Captain Richard M. Garratt, an honored veteran of the Civil war, who is now capably filling the position of superintendent of the almshouse of Milpitas, was born at Worcester, England, on the 3d of March, 1840. His parents, Richard and Jane (Staples) Garratt, were also natives of that country and belonged to old English families. They conducted a large millinery establishment in England and were prominent manufacturers of that country. the father died in 1898, while the mother's death occurred in 1897. They were the parents of three sons and one daughter, namely: Richard M. Jane, Walter and Frank.

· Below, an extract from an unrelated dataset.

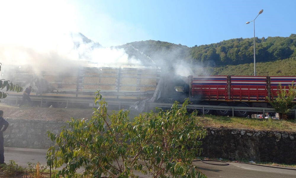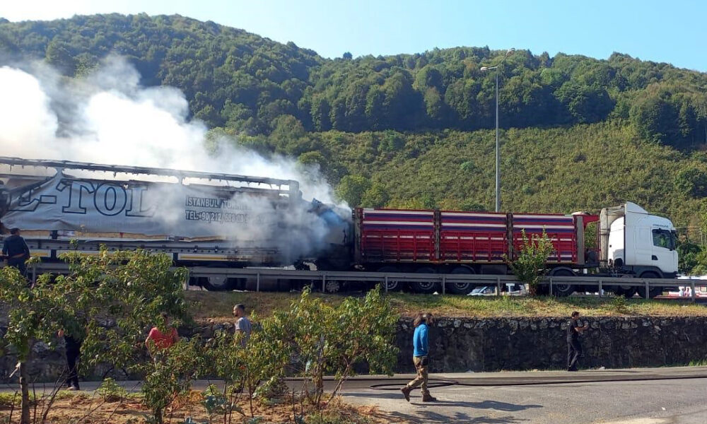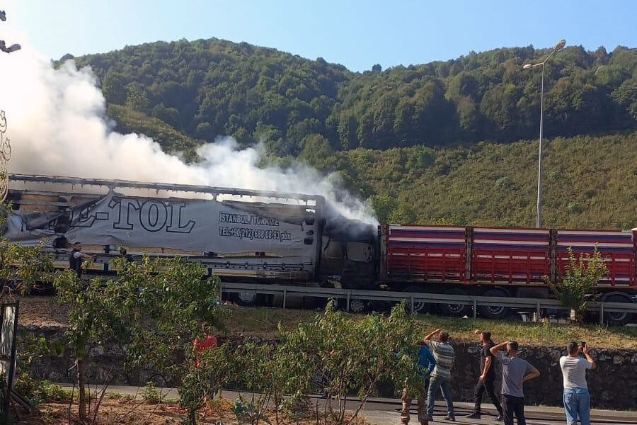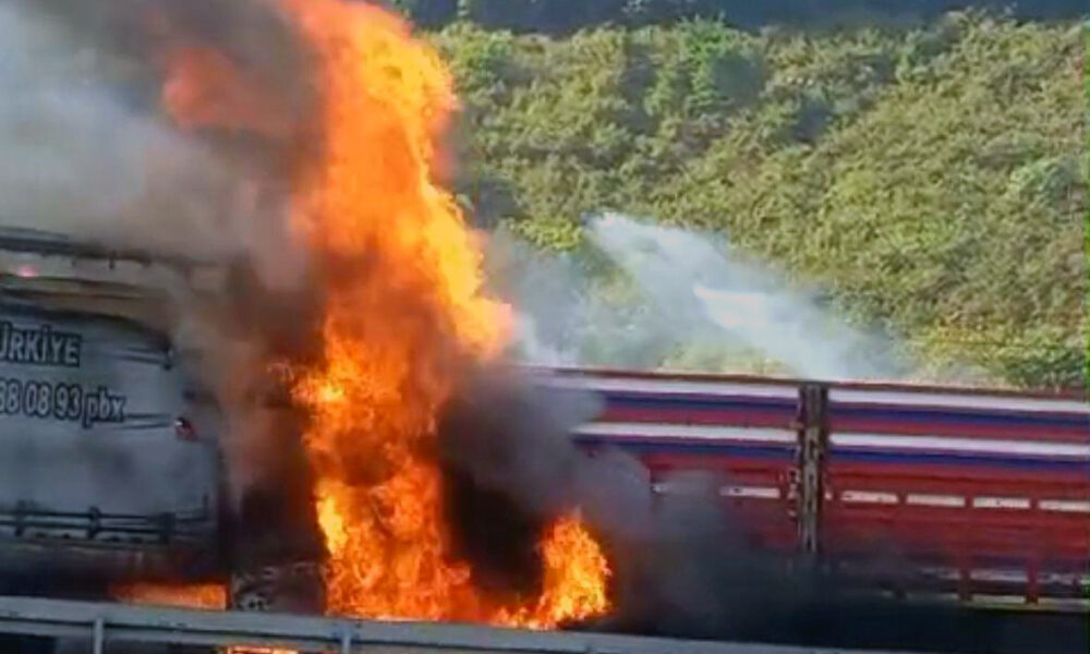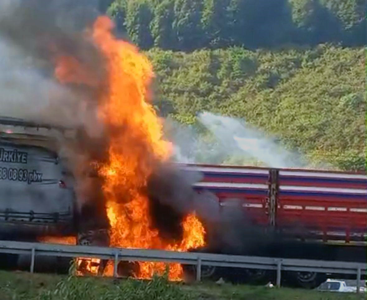 Düzce'nin Kaynaşlı ilçesinde LPG deposu yüklü TIR, başka bir TIR'a arkadan çarptıktan sonra alev alev yandı. Fotoğraf: Düzce,(DHA)

In his early boyhood days Captain Garratt was sent as a student to a private school and afterward entered Oxford College in 1858. He had spent a year as a student there, when becoming dissatisfied with his conditions and wishing to see America, he ran away and took passage on a westward-bound sailing vessel, which brought him to the United States. He had been in this country for but a brief period when the Civil war was inaugurated. His study of the questions of the day had enlisted his sympathy for the Union cause, and in 1861 he offered his services in its defense, becoming a member of the Ninety-sixth Illinois Volunteer Infantry, of which he was later made first sergeant. Subsequently he became a first lieutenant in the Fourteenth Regiment of the United States Colored Infantry and afterward was promoted to the rank of captain of the Forty-fourth Colored United States Infantry. He continued with the army until after the close of hostilities, when, in 1866, he resigned. He took part in many important engagements, and his record for loyalty and valor compared favorably with that of any native-born son of America.

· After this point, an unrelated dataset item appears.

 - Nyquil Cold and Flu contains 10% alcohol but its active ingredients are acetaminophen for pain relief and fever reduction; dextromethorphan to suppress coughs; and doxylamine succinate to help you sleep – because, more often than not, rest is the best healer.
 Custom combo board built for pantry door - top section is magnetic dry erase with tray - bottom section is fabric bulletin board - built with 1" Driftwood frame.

After leaving the army Captain Garratt came to California, locating first in Sacramento, where he entered the employ of the Central Pacific Railroad Company as a freight clerk. When the station was opened at San Jose he was transferred to the latter place, being the first agent there. He filled that position for ten years and was then promoted to general freight agent of the northern division of the road. Subsequently he resigned in order to accept the position of general manager of the Santa Cruz and Felton Railroad Company and the San Lorenzo Flume and Transportation Company. When this railroad became a part of the South Pacific Coast Railway system he was made general freight and passenger agent for the company and acted in that capacity until he resigned in order to accept an appointment as state superintendent of construction for the Agnew Asylum. On the completion of his work there he went to Ukiah to superintend a similar work in Mendocino county. In 1897, attracted by the discovery of gold in Alaska and the development of the rich mineral fields there, he went to the northwest, but after spending two years he returned to San Jose, and was appointed city superintendent of streets, filling the position for two years. In March, 1902, he received the appointment of superintendent of the almshouse of Milpitas and has since acted in that capacity.

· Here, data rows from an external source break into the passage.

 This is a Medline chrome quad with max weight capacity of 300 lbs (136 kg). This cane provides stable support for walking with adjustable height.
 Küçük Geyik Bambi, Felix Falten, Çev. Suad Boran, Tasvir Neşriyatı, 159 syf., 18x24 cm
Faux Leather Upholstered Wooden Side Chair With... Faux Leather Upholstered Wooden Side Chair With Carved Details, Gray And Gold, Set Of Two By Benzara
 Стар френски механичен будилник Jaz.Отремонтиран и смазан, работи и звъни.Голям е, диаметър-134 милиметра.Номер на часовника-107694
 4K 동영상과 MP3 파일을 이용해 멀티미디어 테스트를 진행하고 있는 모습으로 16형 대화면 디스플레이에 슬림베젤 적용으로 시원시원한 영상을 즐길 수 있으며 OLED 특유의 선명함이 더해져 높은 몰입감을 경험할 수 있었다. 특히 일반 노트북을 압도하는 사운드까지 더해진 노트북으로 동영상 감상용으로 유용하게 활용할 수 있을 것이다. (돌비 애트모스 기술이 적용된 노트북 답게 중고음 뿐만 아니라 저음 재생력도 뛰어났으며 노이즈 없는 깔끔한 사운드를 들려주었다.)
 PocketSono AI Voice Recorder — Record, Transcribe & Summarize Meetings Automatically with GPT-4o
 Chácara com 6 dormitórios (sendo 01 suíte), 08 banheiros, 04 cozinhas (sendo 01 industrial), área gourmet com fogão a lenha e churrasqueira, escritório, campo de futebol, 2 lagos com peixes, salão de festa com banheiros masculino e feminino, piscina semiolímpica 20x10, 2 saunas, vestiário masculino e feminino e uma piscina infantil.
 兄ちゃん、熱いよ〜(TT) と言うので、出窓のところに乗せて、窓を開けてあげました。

Captain Garratt was married in 1870, the lady of his choice being Miss Abbie Farmer, a native of Illinois, and a daughter of Life Farmer, one of the early settlers of Kankakee county, that state. Six children, three sons and three daughters, have been born to the Captain and his wife, namely: Richard, now deceased; Walter; Clifford; Grace; Florence; and Maude. Mrs. Garratt died October 11th, 1881, and September 29, 1882, the Captain was again married, his second union being with Mrs. Thomas Mann, a widow.

In his political affiliations Captain Garratt has always been a stanch Republican, unswerving in his loyalty to the party and its principles, and he has taken an active interest in local and state politics. He belongs to the Independent Order of Odd Fellows, the Improved Order of Red Men, the Knights of Pythias fraternity and to the Masonic fraternity, and in the last named he has attained the thirty-second degree of the Scottish Rite. His life has been one marked by eventful and varied experiences. Reared in England, coming to America as a young man with no capital, he has been dependent upon his own resources, and not only has he achieved success, but has been identified with labors resulting in the material upbuilding and improvement of his adopted state.